To see why this is true in general, consider two permutations \sigma_1,\sigma_2. The permutations \sigma_1,\sigma_2 result in each person p_i receiving the same balls if and only if after \sigma_1 we can apply a permutation \tau that fixes each subset A_i  =  \left\{\sum_{k=0}^{i-1}a_k+1,\ldots, \sum_{k=0}^i a_k\right\} and get \sigma_2. That is, \sigma_1 and \sigma_2 result in each person p_i receiving the same balls if and only if \sigma_2 = \tau \circ \sigma_1 for some \tau \in S_a. Thus, \sigma_1,\sigma_2 are the same after forgetting the order in which each person received their balls if and only if S_a \sigma_1 = S_a \sigma_2. This is illustrated below,

If we first draw the balls according to \sigma_1 and then permute the balls according to \tau, then the resulting draw is the same as if we had drawn according to \sigma_2 and not permuted afterwards. That is, \sigma_2 = \tau \circ \sigma_1 .
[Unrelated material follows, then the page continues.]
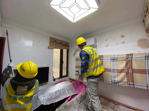 小區(qū)居民90歲高齡的老人徐富義,家里墻面涂料發(fā)霉嚴(yán)重,項目安排工人義務(wù)整修。

We can thus see why S_a \backslash S_n \neq S_n / S_a. A left coset \sigma S_a correspond to pre-composing \sigma with elements of S_a and a right cosets S_a\sigma correspond to post-composing \sigma with elements of S_a.

Contingency tables

With the last two sections under our belts, describing the double cosets S_a \backslash S_n / S_b is straight forward. We simply have to combine our two types of forgetting. That is, we first colour the n balls with J colours according to b = (b_1,b_2,\ldots,b_J). We then draw the balls without replace and give the balls to I different people according a = (a_1,a_2,\ldots,a_I). We then forget both the original labels and the order in which each person received their balls. That is, we only remember the number of balls of each colour each person receives. Describing the double cosets by “double forgetting” is illustrated below with a = (2,2,2) and b = (3,2,1).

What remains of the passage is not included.